We’re better off without you, the Libra Association’s head of policy said after PayPal withdrew from Facebook’s controversial stablecoin project

In a scathing statement, the Libra Association said goodbye and good riddance to PayPal after the payments firm withdrew from the group on October 4.

“It requires a certain boldness and fortitude to take on an endeavor as ambitious as Libra,” Dante Disparte, the association’s head of policy and communications, told Modern Consensus in an email. 

Calling the project “a generational opportunity to get things right and improve financial inclusion,” he warned that, “[t]he journey will be long and challenging.” 

Disparte added that “[c]ommitment to that mission is more important to us than anything else.”

That is why, he said, “[w]e’re better off knowing about this lack of commitment now, rather than later.”


Serious Doubts

The Libra Association was founded by Facebook. It has been trying to launch a stablecoin that would act as a global digital currency for anyone including the 2.7 billion users of its Messenger, WhatsApp, and Instagram products. Members of the Libra Association have committed to paying $10 million to buy in. That gets them an equal vote in the management of the cryptocurrency.

Facebook’s Calibra wallet division will be the social media giant’s voting member. That division’s president, David Marcus, is Facebook’s front man on the project. He is also a former president of PayPal.

Based on blockchain technology, the Libra coin is intended to be a digital currency backed by a basket of mixed fiat currencies, more than half of it the U.S. dollar. Libra Association members will also share in the interest earned by this bundle of cash.

The cryptocurrency plan has garnered a huge amount of criticism in the U.S., Europe, and farther afield. This is because of the private currency’s potential to be able to move global financial markets if it is widely adopted internationally. It is also because of Facebook’s atrocious reputation on protecting users’ data privacy.

Reports citing anonymous sources said on October 2 that Mastercard and Visa are also considering dropping out.

PayPal plays nice

“PayPal has made the decision to forgo further participation in the Libra Association at this time,” Amanda Miller, PayPal’s senior director, corporate communications, told Modern Consensus in an emailed statement.

Calling Facebook “a longstanding and valued strategic partner,” Miller’s statement also left the door open for PayPal to rejoin the group.

The company “remain[s] supportive of Libra’s aspirations and look[s] forward to continued dialogue on ways to work together in the future,” she noted.

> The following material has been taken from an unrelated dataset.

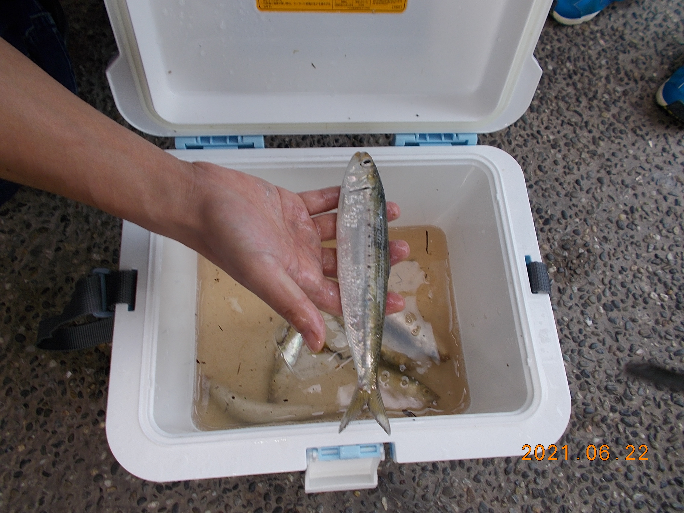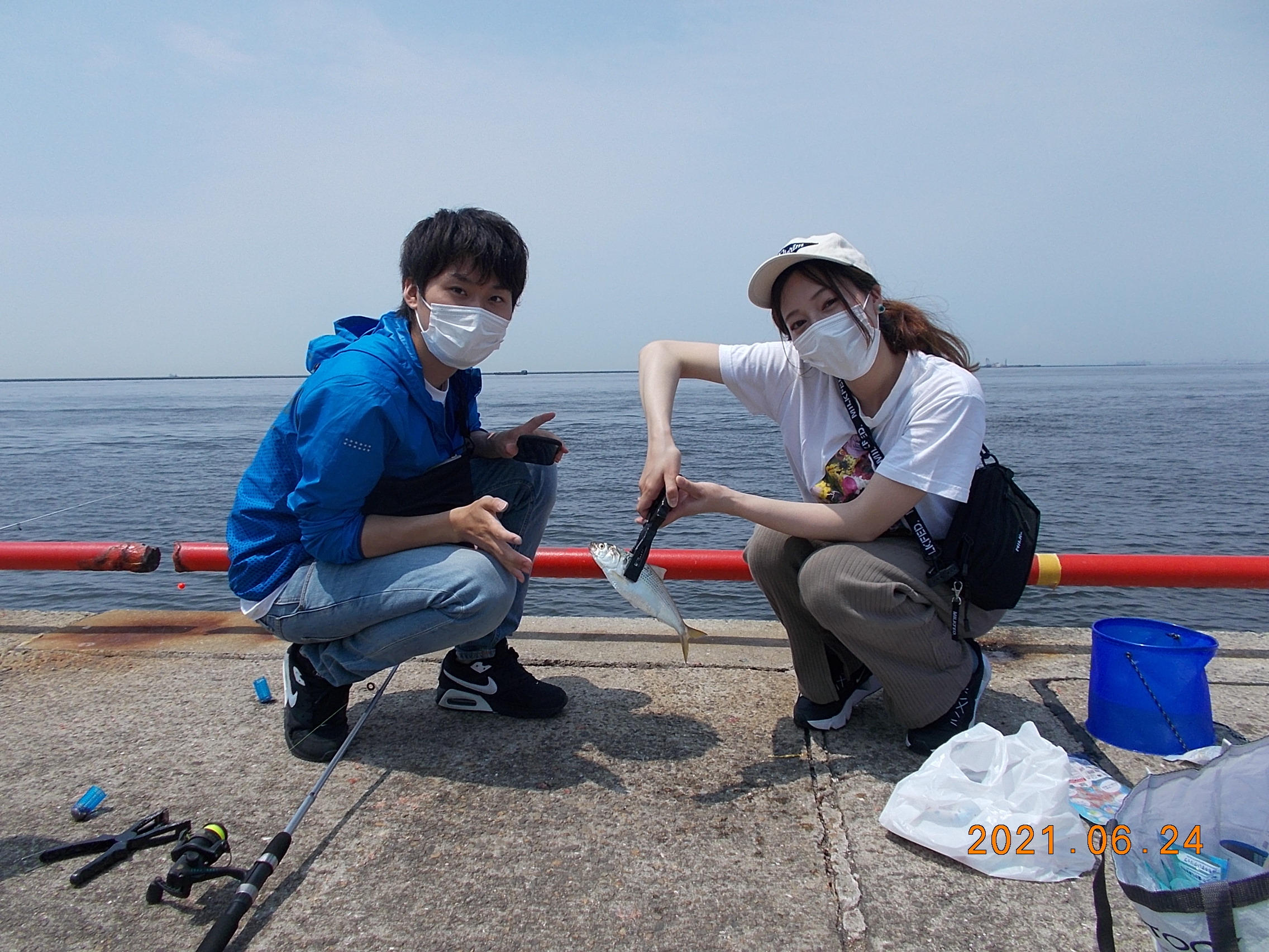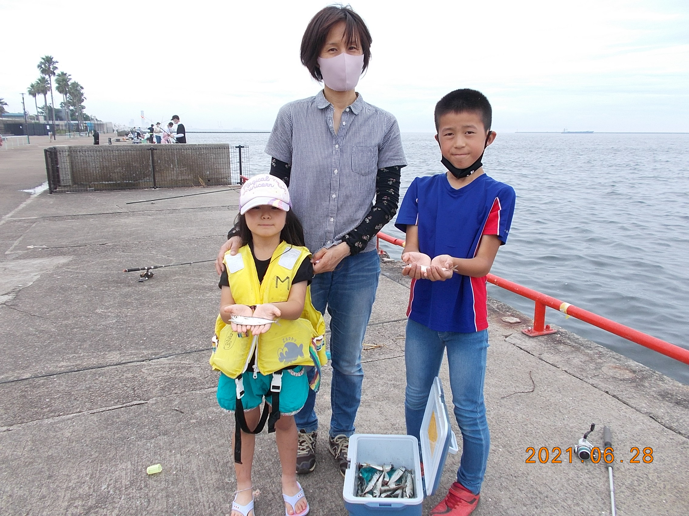 9時半現在、小サバは引き続き釣れています。一時程の釣果はありませんが止まる事無く釣れています。サビキ釣りで底狙いでコノシロが数匹釣れ、箕面市からお越しのご家族様が31㎝のコノシロを釣られ月間大物賞に登録致しました。

She added that PayPal intends to continue focusing on its “existing mission” and will “strive to democratize access to financial services for underserved populations.”

Lofty public goals

That latter group is a key focus of the stablecoin, the Libra Association claims.

Libra is “[t]he type of change that will reconfigure the financial system to be tilted towards people, not the institutions serving them,” Disparte said.

“That is a journey, not a destination,” Disparte told Modern Consensus in an email before PayPal announced its withdrawal. “[E]ach organization that started this journey will have to make its own assessment of the risks and rewards of being committed to seeing through the change that Libra promises.”

He added that the association’s goal was nothing less than “[b]uilding a modern, low-friction, high-security payment network that can empower billions of financially underserved people.”

The third paragraph in the Libra whitepaper points to the unbanked poor as a key market.

Noting that high-tech communications are now accessible on a $40 smartphone, the whitepaper said, “[t]his connectivity has driven economic empowerment by enabling more people to access the financial ecosystem… Despite this progress, large swaths of the world’s population are still left behind—1.7 billion adults globally remain outside of the financial system with no access to a traditional bank, even though one billion have a mobile phone and nearly half a billion have internet access.”

This story was updated on October 4 at 7:50 p.m. to include the Libra Association’s response to PayPal’s withdrawal.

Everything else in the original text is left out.